Wednesday, June 11, 2008

A Primary Policy By Any Other Name Is Still a Primary Policy

233rd St. Partnership, L.P. v. Twin City Fire Ins. Co.
(1st Dept., decided 6/10/2008)

State National Insurance Company provided primary CGL coverage to the plaintiff with respect to an underlying personal injury action. Twin City contended that its coverage was excess. New York Supreme agreed with Twin City and declared that it was not obligated to reimburse plaintiffs for their defense expenses in the underlying action.

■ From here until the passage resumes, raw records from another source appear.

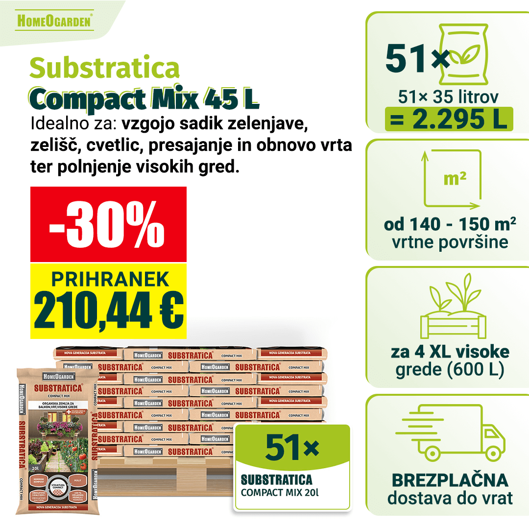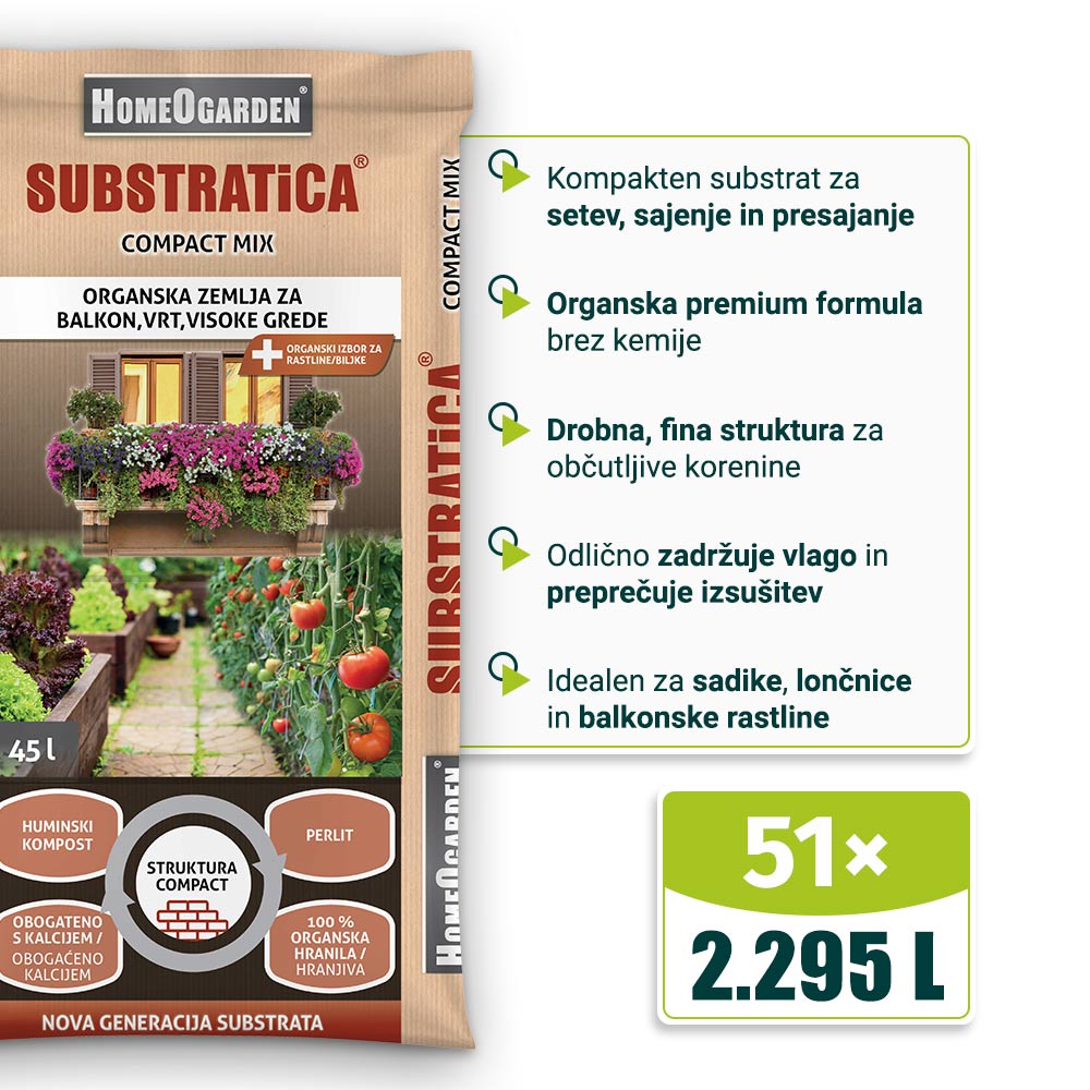 Substratica Compact Mix 45 l je zemlja za rože nove generacije, zasnovana za uporabo v majhnih prostorih, kot so balkoni, terase in lonci. Vsebuje huminski kompost, ki revitalizira tla in povečuje aktivnost koristnih mikroorganizmov, ter organske hranilne dodatke za optimalno rast.
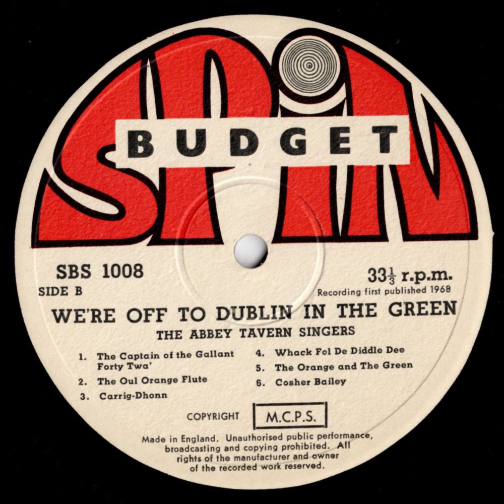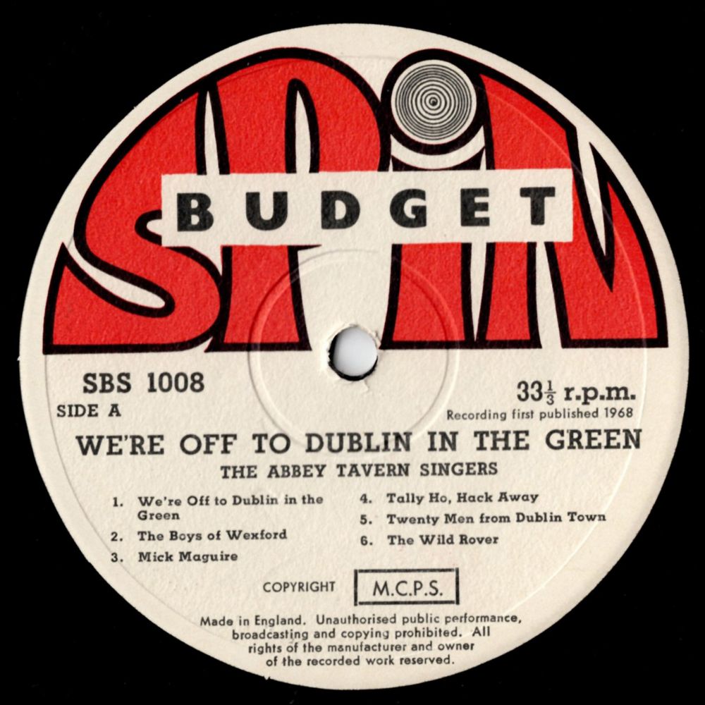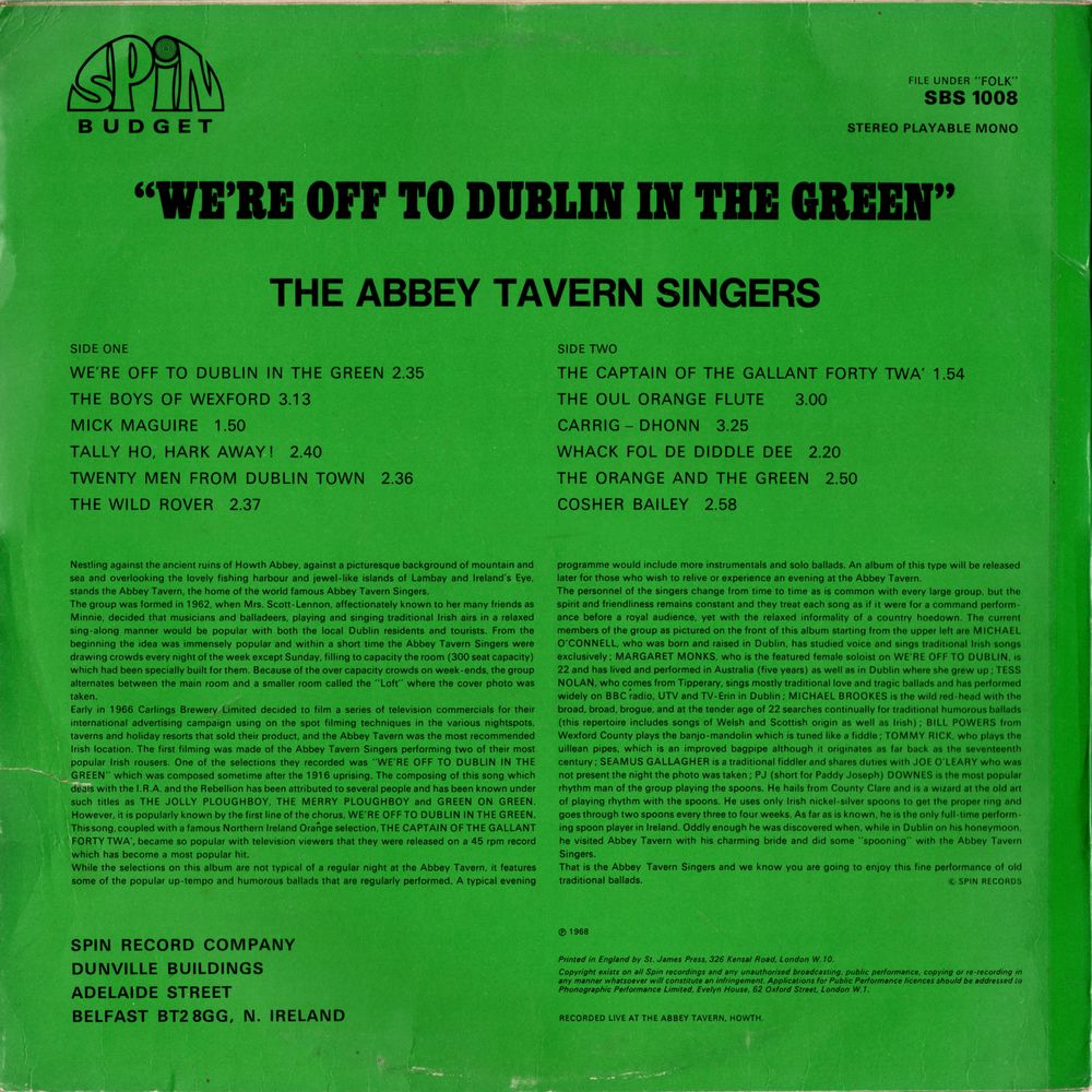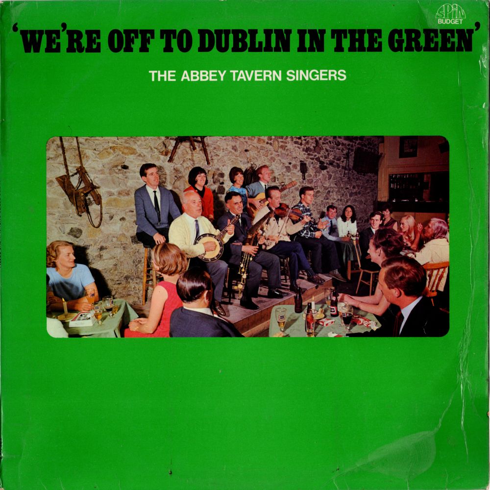 Early in 1966 Carlings Brewery Limited decided to film a series of television commercials for their international advertising campaign using on the spot filming techniques in the various nightspots, taverns and holiday resorts that sold their product, and the Abbey Tavern was the most recommended Irish location. The first filming was made of the Abbey Tavern Singers performing two of their most popular Irish rousers. One of the selections they recorded was "WE RE OFF TO DUBLIN IN THE GREEN" which was composed sometime after the 1916 uprising. The composing of this song which deals with the I.R.A. and the Rebellion has been attributed to several people and has been known under such titles as THE JOLLY PLOUGHBOY, THE MERRY PLOUGHBOY and GREEN ON GREEN. However, it is popularly known by the first line of the chorus, WE'RE OFF TO DUBLIN IN THE GREEN. This song, coupled with a famous Northern Ireland Orange selection, THE CAPTAIN OF THE GALLANT FORTY TWA', became so popular with television viewers that they were released on a 45 rpm record which has become a most popular hit.
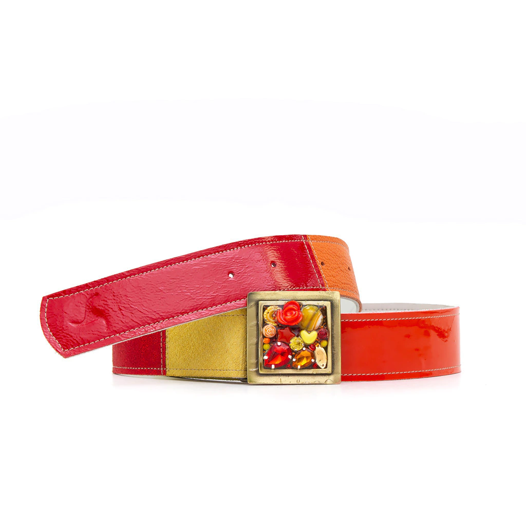 Este cinturón es mucho mas que un sujetador de prendas... su hebilla es un pequeño cuadrito que apoya sobre la mitad de tu cuerpo! Fue realizada con tecnicas mixtas, vitrofusion, cerámica y collage. Vas a llevar todas las miradas a tu ombligo!

The First Department REVERSED, holding:
The court erred in basing its determination that defendant's policy was excess solely on the wording of that policy. We find that since, among other things, there is no primary insurance underlying defendant's policy, and its coverage is subject only to the payment of a deductible, the policy is not a true excess policy, but rather is a primary policy that, under certain circumstances, purports to shift losses to other available insurance (see Bovis Lend Lease LMB, Inc. v. Great Am. Ins. Co., __ AD3d __, 2008 NY Slip Op 3150, *9-10 [1st Dept 2008]; Cheektowaga Cent. School Dist. v. Burlington Ins. Co., 32 AD3d 1265 [2006]). Since we find that both State National's and defendant's policies are primary, their other insurance clauses cancel each other out, and both insurers are rendered co-primary (citations omitted).